Nostalgia

As the fourth child in the Hamilton family, Francis had always hated being the baby until Lenny came along, and then still regarded as the youngest for the eight years that Lenny remained in the box. Being the youngest Hamilton and the smallest male meant that he got more than his fair share of hand-me-downs, that he got stricter rules due to his siblings' mistakes and bad behavior, that he got less TV time, earlier bed times, and less of an allowance. Because David was the oldest and the most "responsible," he thought he knew better than Francis in everything Francis ever said or did. He was often allowed to be in charge and tell him what to do, and Francis could tell even when he was young that David took this task very, very seriously from the way he corrected and lectured him over anything he could think to. Sharing a room with David meant that he got fussed at every day for not being neat enough for David's exacting preference, and David snored and talked in his sleep.

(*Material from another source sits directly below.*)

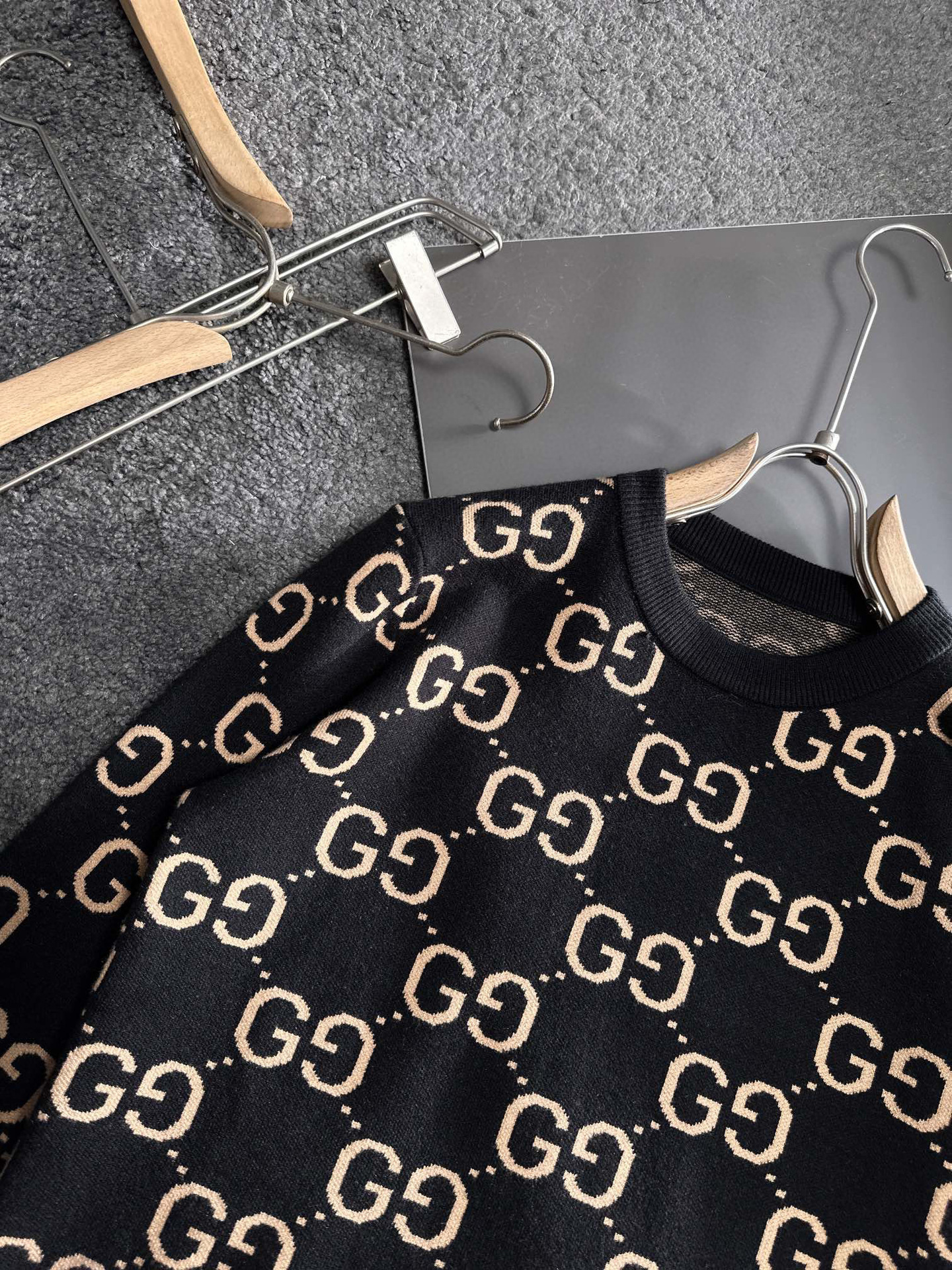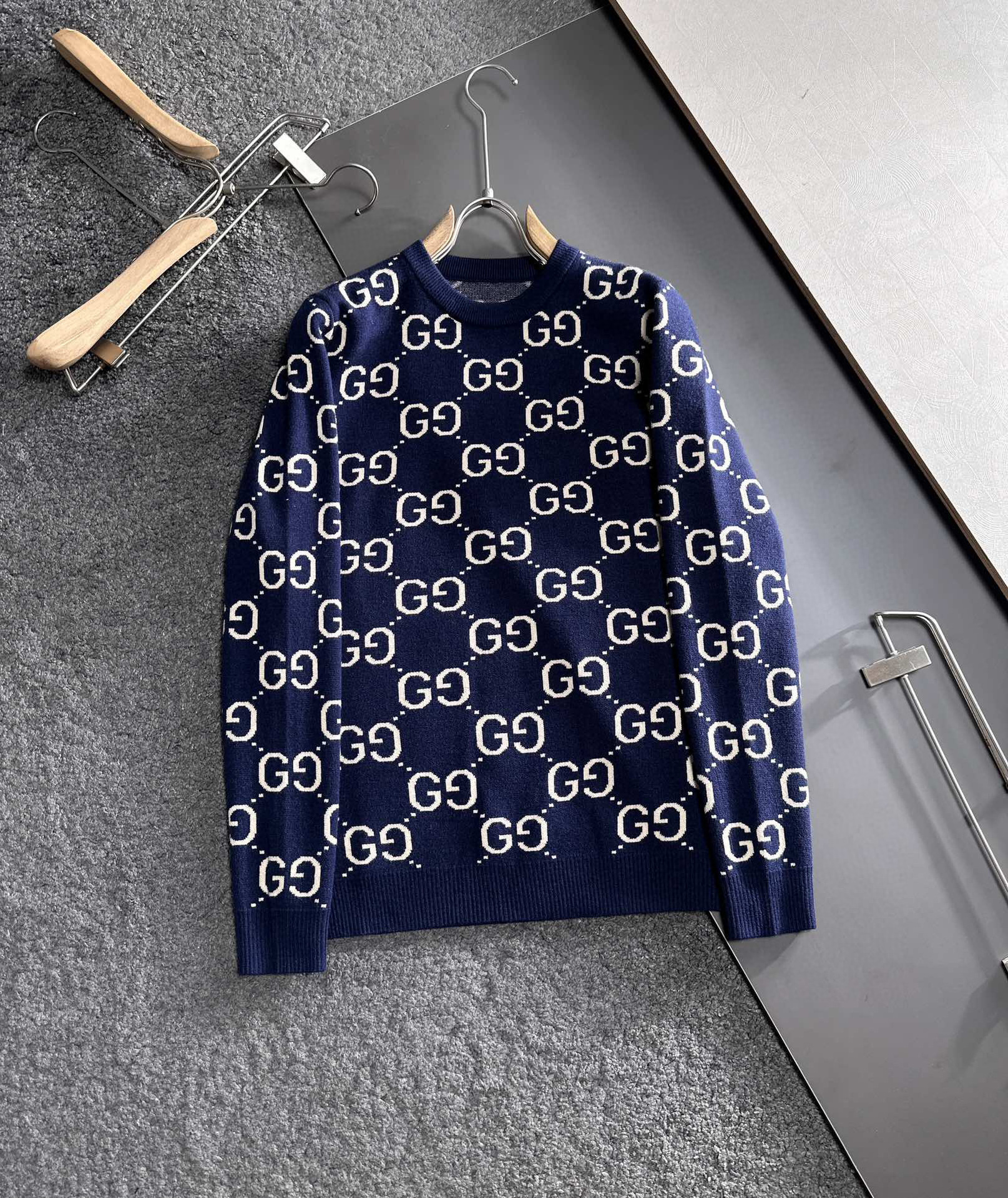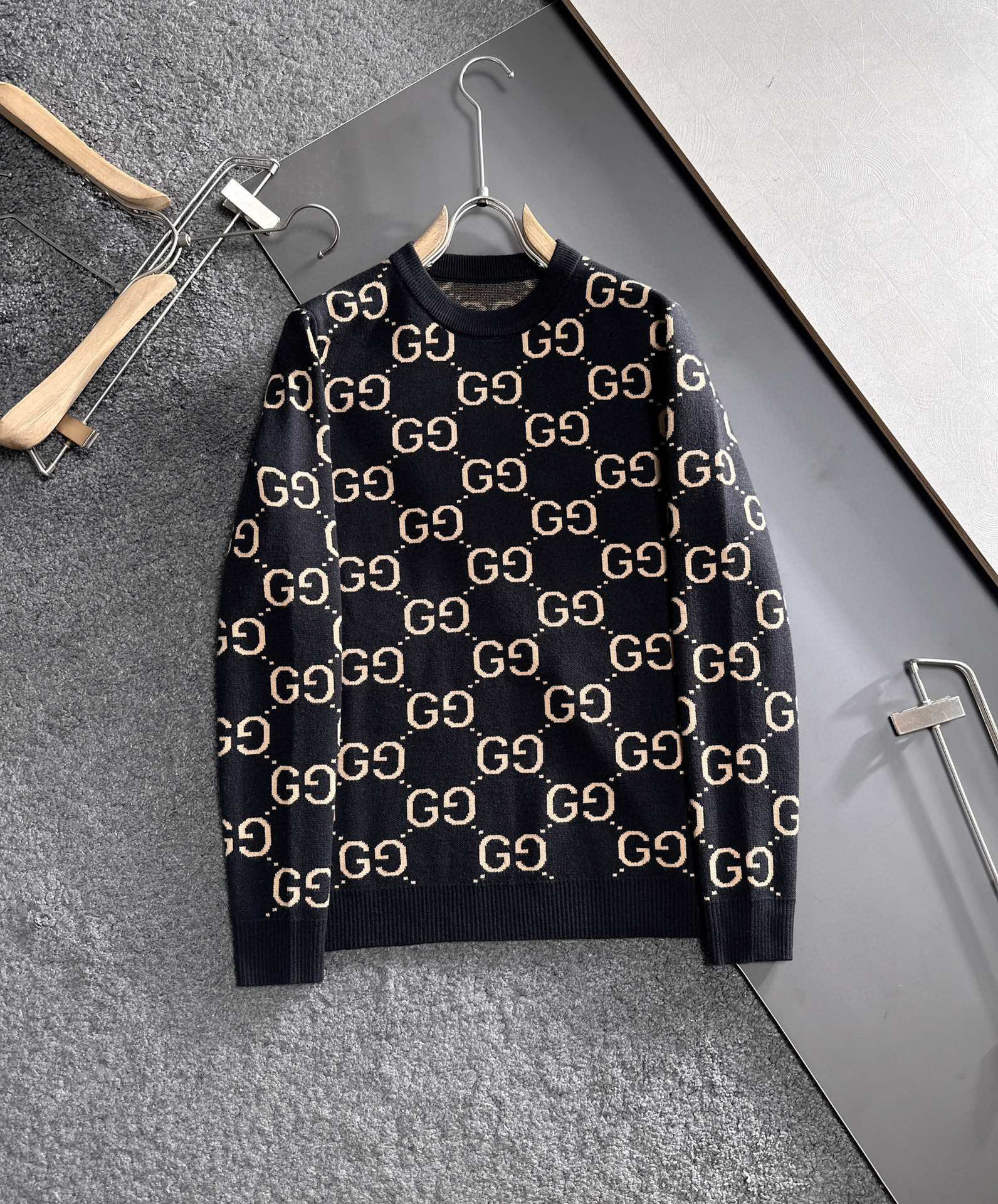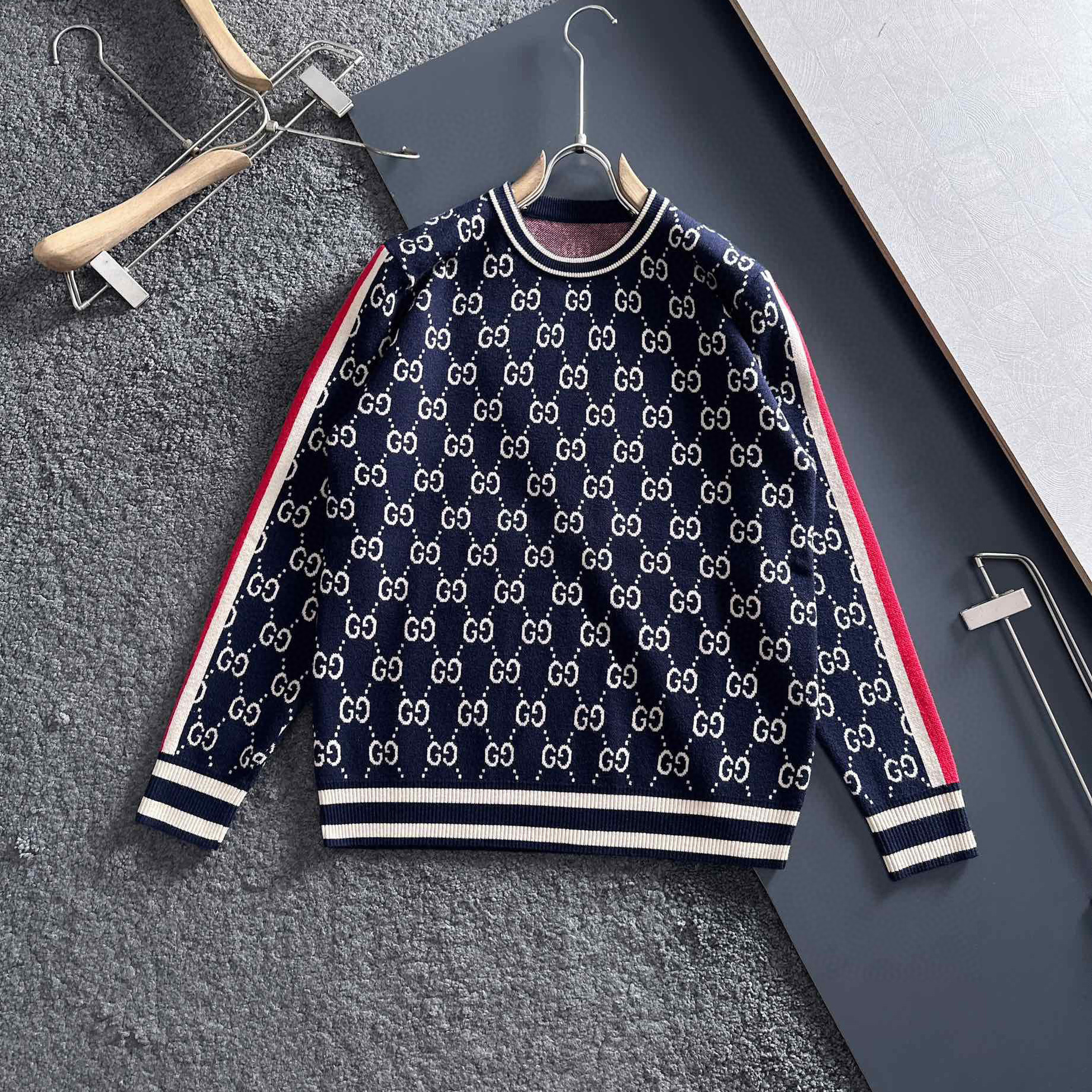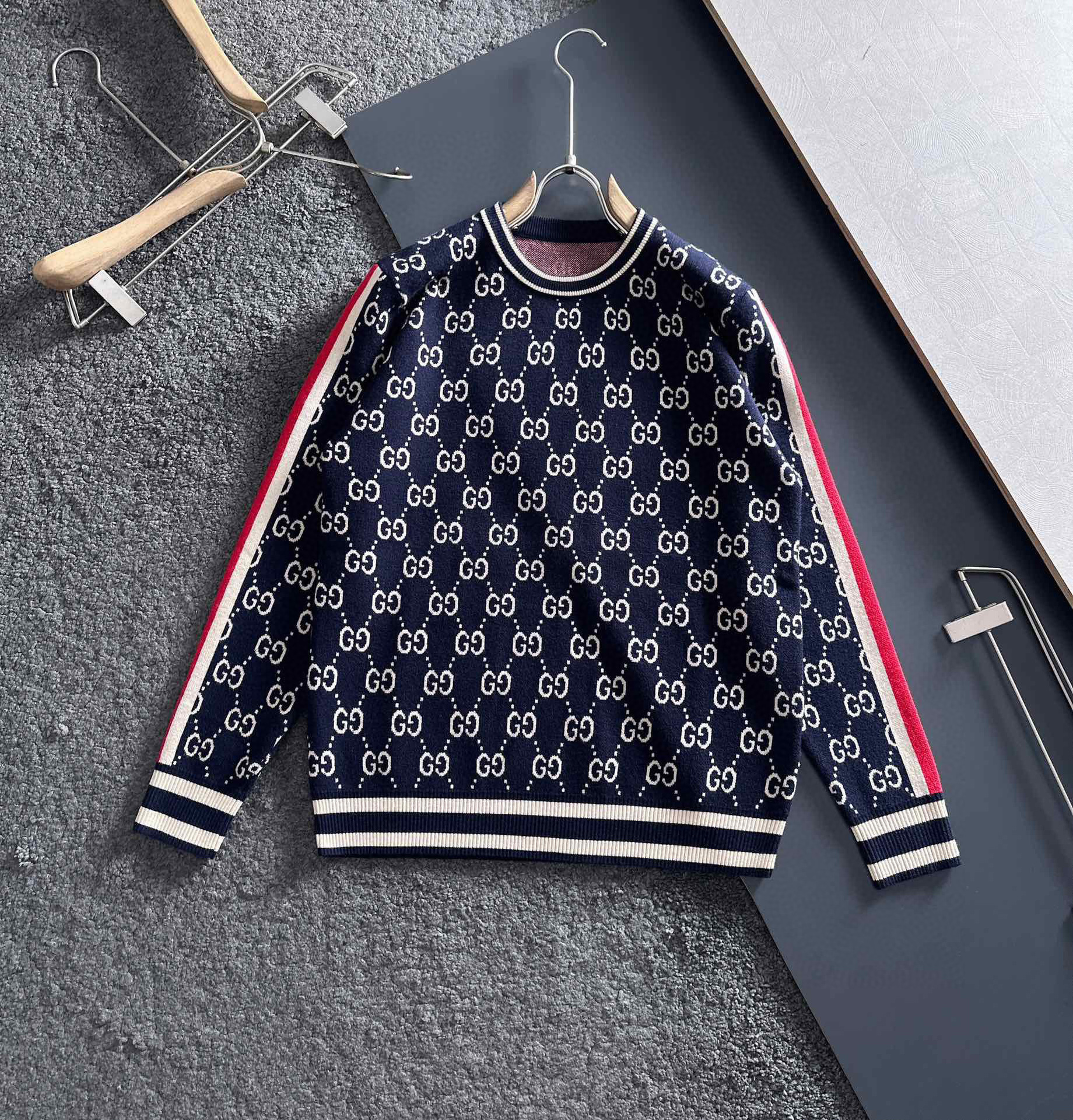 유럽 스타일 고급 레터링 자카드 라운드넥 풀오버 니트 스웨터 남녀 공용 캐주얼 트렌디 만능 아이템스토어 가기

But nothing David could have done to anger or annoy him came anywhere close to matching the twins. Francis's brother Wendell and Wendell's twin Darlene seemed to make it their goal in life to make David as miserable as they possibly could, and they delighted in the fact that they were bigger, stronger, and older than he was, taking advantage of it every moment that was possible. Francis's homework and toys often went mysteriously missing, turning up again with missing heads or buried under piles of snotty tissues in the trashcan. Wendell took pleasure in hitting, knocking, and throwing him around so often that Francis almost always remained bruised. Darlene was more subtle in her torment, preferring to lie in such a way as to get Francis in trouble or to make him upset enough to cry, and on more occasions than Francis could remember she had locked him into the basement or any closet she could manage, just so she could stand on the other side and listen to him scream. At the time of his childhood, it had seemed to Francis that there was nothing good about being the youngest at all, and he had hated his brothers and his sisters more often than not.

But now that his parents are gone, and everything in their lives is left for them to figure out alone, as miserable and angry as his siblings still make him, Francis can't bring himself to hate them anymore, no matter what they do or how ruthlessly they exploit their power over him. His siblings are all he has left, and when he thinks back to their childhood now, what he remembers is the times their parents had made them sing together in the car, how they had all sat together, excited, exchanging smiles instead of punches, on Christmas mornings. He remembers how on Monday mornings his mom would make them all sit down together and talk about what they would do to have a good week, how all of them had squirmed and sighed and rolled their eyes, but how it had made Francis feel as he left for school with them like maybe they would come true, just because they had talked about it. He remembered playing in the sprinklers on summer afternoons, playing board games on rainy days, and even knowing that the twins had always cheated, that the games always ended with them fighting with David when David noticed and protested, he couldn't help but think back to all of it with a sense of loss.

It was bad enough that they all had to grow up, something that David and the twins had always seemed so impatient and eager to get to, that Francis had always thought of with foreboding and dread. But those memories of their childhood were now tainted with memories too of their parents, always on the outskirts in each, and it was hard to think back to that time without wishing it had never passed.